> _PROBLEM DESCRIPTION_: For this exercise, write out the full listing that follows exactly and skip its pictures.

> _DATA BELOW_:
+++

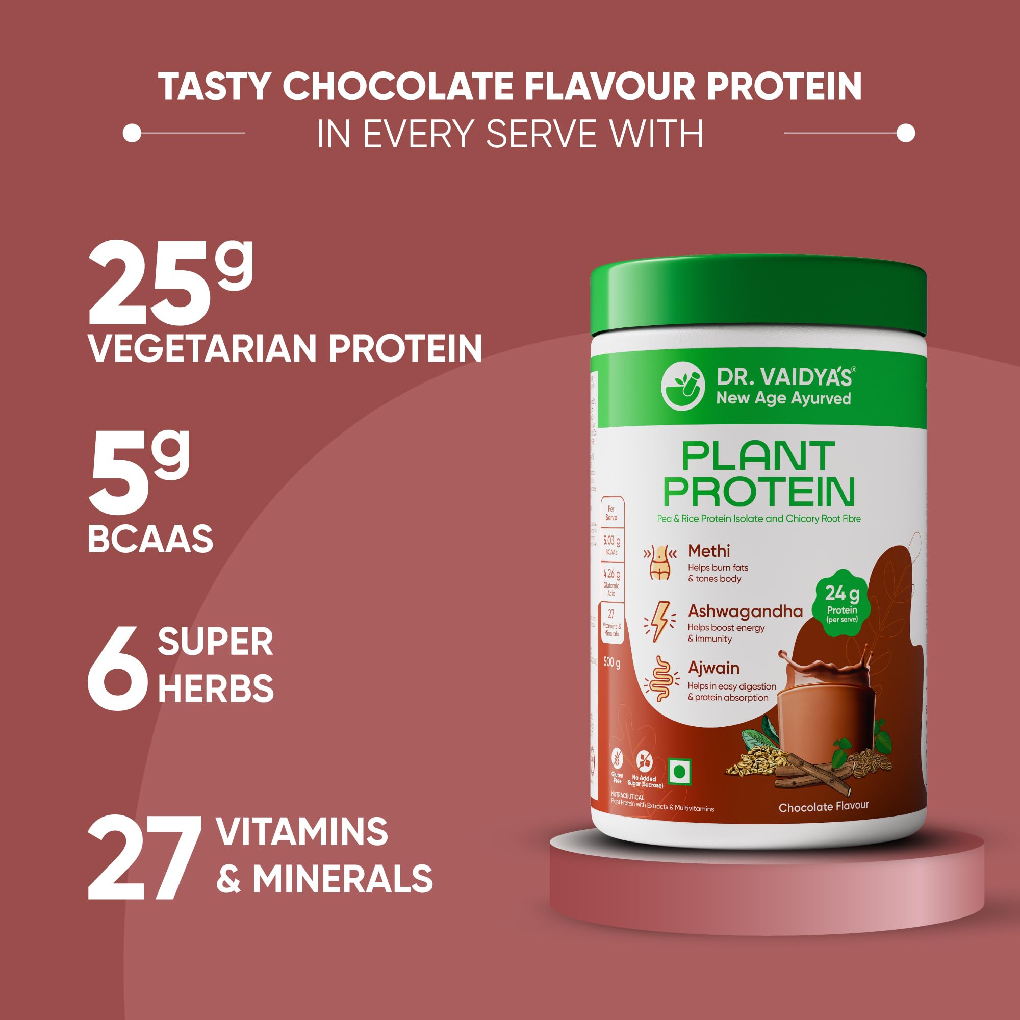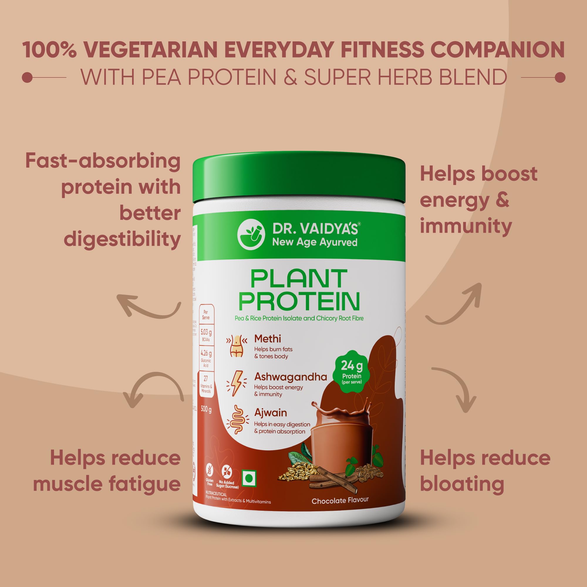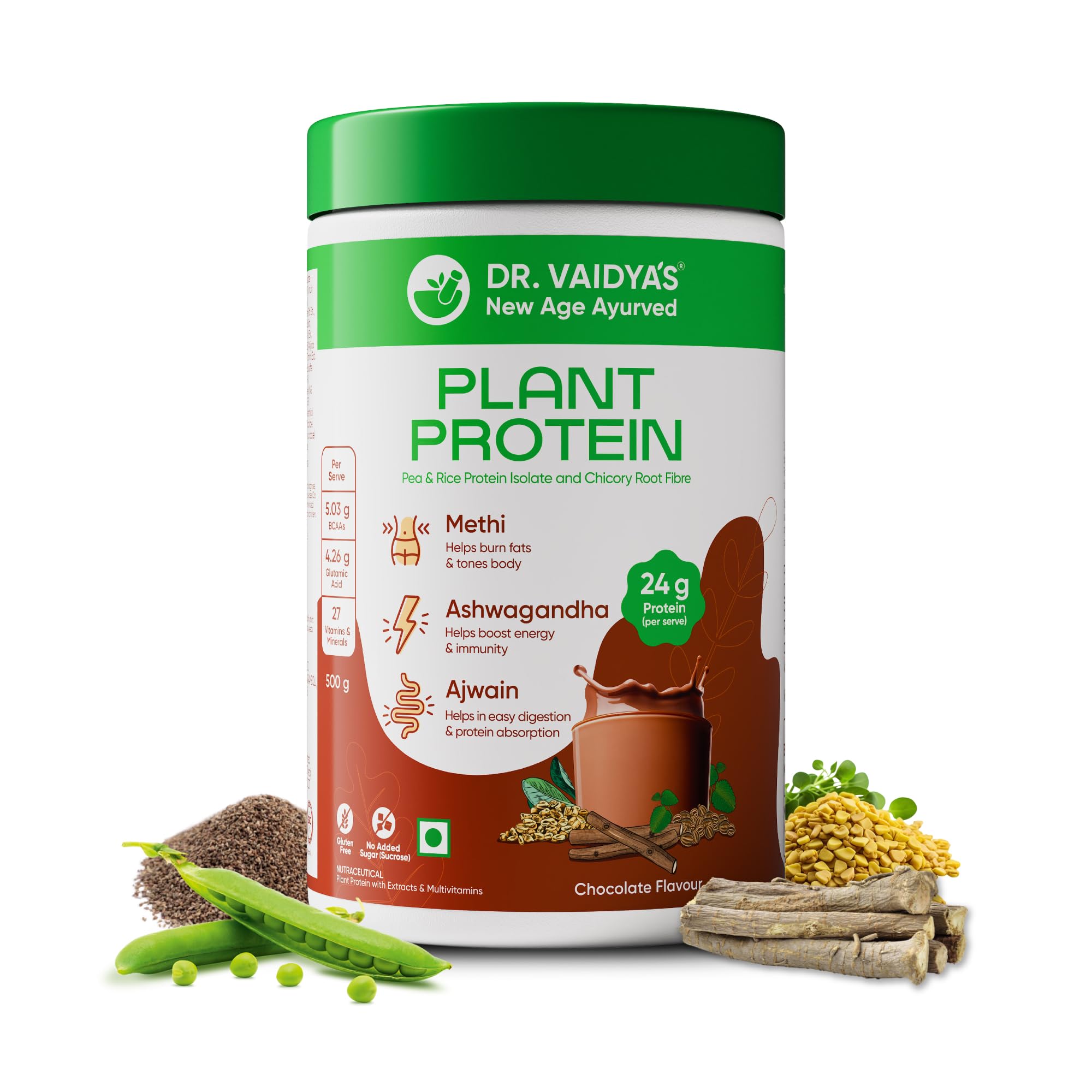 Dr Vaidya's Plant Protein Powder | Gut Health | 80% Pea Protein | Methi Ashwagandha Ajwain | Gluten Free | No Added Sugar | Chocolate Flavour (500g)
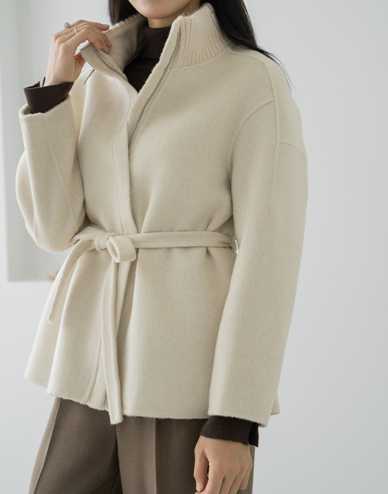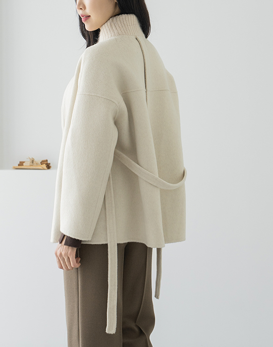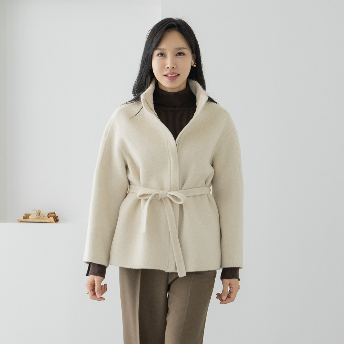 • [Classy Madam] Waist Strap Cashmere Half Wool Jacket - JK2511011 -
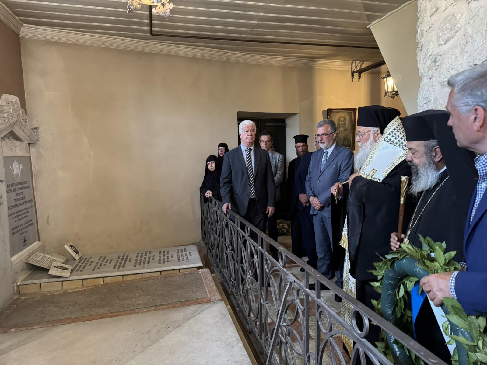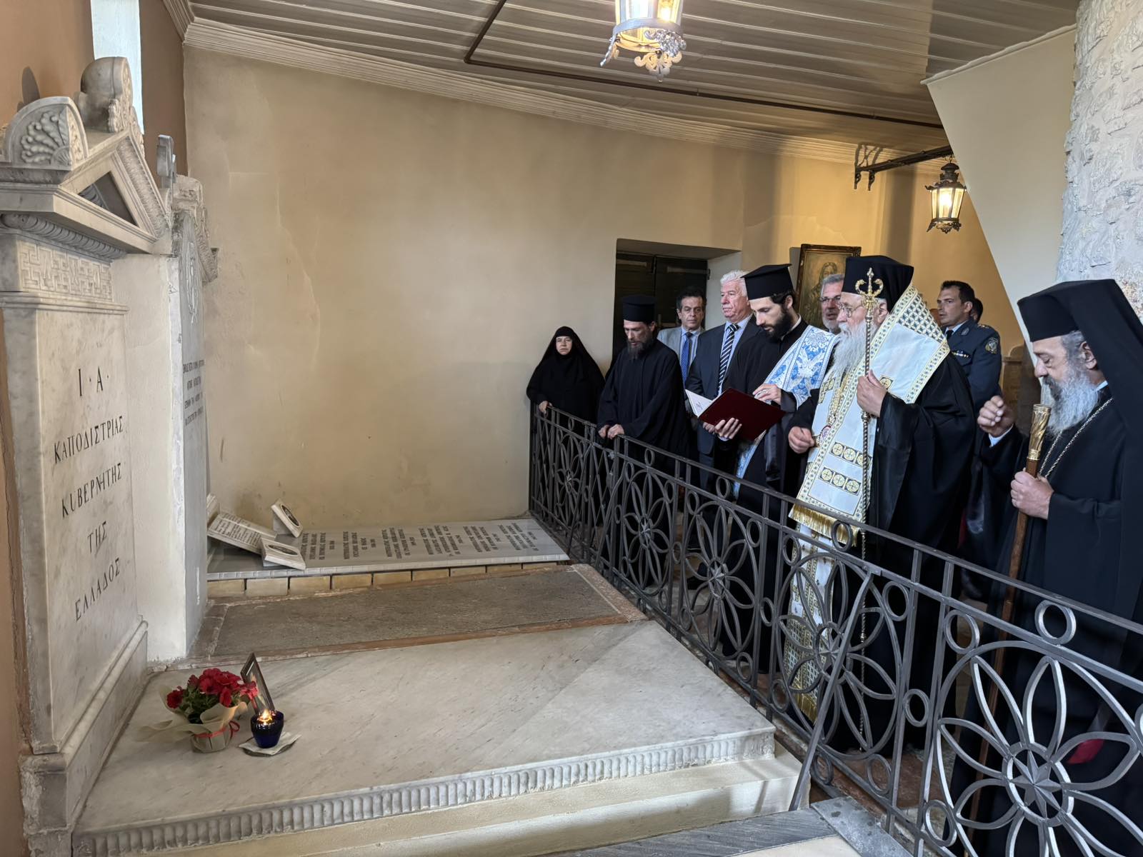 Ακολούθως, μετέβησαν στην Ιερά Μονή Πλατυτέρας, όπου βρίσκεται ο τάφος του αειμνήστου Ιωάννου Καποδίστρια, πρώτου κυβερνήτη της Ελλάδας. Μετά την τέλεση της επιμνημοσύνου δεήσεως επί του τάφου, κατέθεσαν στεφάνια ο Περιφερειάρχης Ιονίων Νήσων κ. Ιωάννης Τερπεκλης και ο Δήμαρχος Κεντρικής Κέρκυρας κ. Στέφανος Πουλημένος. Στο τέλος, εψάλη ο Εθνικός Ύμνος.
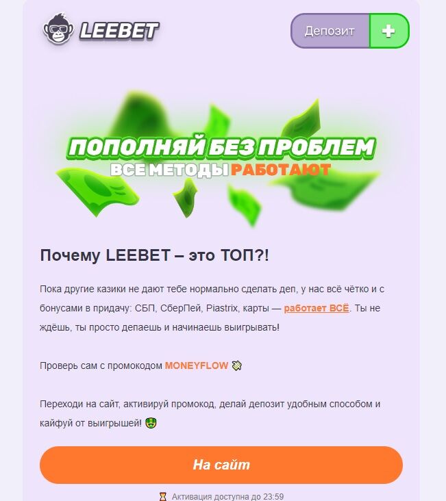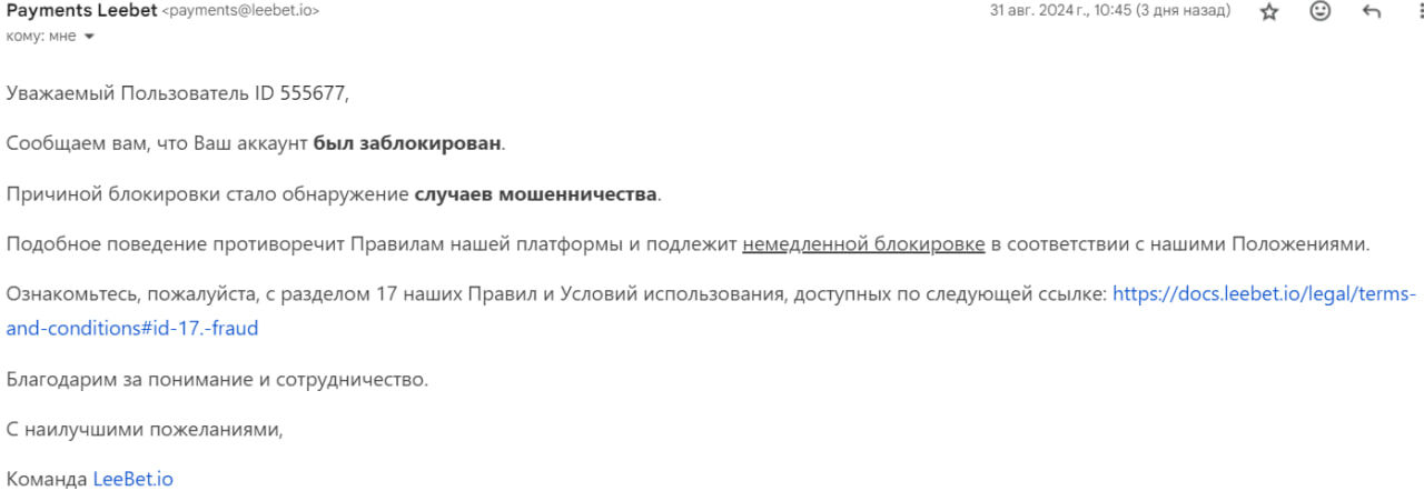 Сделал регистрацию в казино LeeBet от стримера ALEXCAS. В рекламе было сказано, что казино без верификации. Сделал первый депозит криптой около 15-20$ точно не могу сказать с бонусом от ALEXCAS. Получил средства на бонусный счёт и фриспины. Отыграл вагер х60 на общую сумму более 1500$. При выводе средств запросили пройти верификацию. Отправил фото паспорта, селфи с паспортом, но не было возможности подтвердить адрес проживания. (казино без верификации). Ещё немного поиграл, опять поставил на вывод, сразу отказ. Несколько дней не заходил, а потом пришло письмо от казино LeeBet, прикрепил ниже к посту, с инфой что меня заблокировали ссылаясь на пункт 17 (мошенничество). В письме не затребовали никаких подтверждений и тд. Просто заблокировали аккаунт и не вернули средства. Ответил на почту казино, о способе восстановления аккаунта и возврата средст, никто не отвечает.

+++

> _ANSWER SPACE_:
 Dr Vaidya's Plant Protein Powder | Gut Health | 80% Pea Protein | Methi Ashwagandha Ajwain | Gluten Free | No Added Sugar | Chocolate Flavour (500g)
 • [Classy Madam] Waist Strap Cashmere Half Wool Jacket - JK2511011 -
 Ακολούθως, μετέβησαν στην Ιερά Μονή Πλατυτέρας, όπου βρίσκεται ο τάφος του αειμνήστου Ιωάννου Καποδίστρια, πρώτου κυβερνήτη της Ελλάδας. Μετά την τέλεση της επιμνημοσύνου δεήσεως επί του τάφου, κατέθεσαν στεφάνια ο Περιφερειάρχης Ιονίων Νήσων κ. Ιωάννης Τερπεκλης και ο Δήμαρχος Κεντρικής Κέρκυρας κ. Στέφανος Πουλημένος. Στο τέλος, εψάλη ο Εθνικός Ύμνος.
 Сделал регистрацию в казино LeeBet от стримера ALEXCAS. В рекламе было сказано, что казино без верификации. Сделал первый депозит криптой около 15-20$ точно не могу сказать с бонусом от ALEXCAS. Получил средства на бонусный счёт и фриспины. Отыграл вагер х60 на общую сумму более 1500$. При выводе средств запросили пройти верификацию. Отправил фото паспорта, селфи с паспортом, но не было возможности подтвердить адрес проживания. (казино без верификации). Ещё немного поиграл, опять поставил на вывод, сразу отказ. Несколько дней не заходил, а потом пришло письмо от казино LeeBet, прикрепил ниже к посту, с инфой что меня заблокировали ссылаясь на пункт 17 (мошенничество). В письме не затребовали никаких подтверждений и тд. Просто заблокировали аккаунт и не вернули средства. Ответил на почту казино, о способе восстановления аккаунта и возврата средст, никто не отвечает.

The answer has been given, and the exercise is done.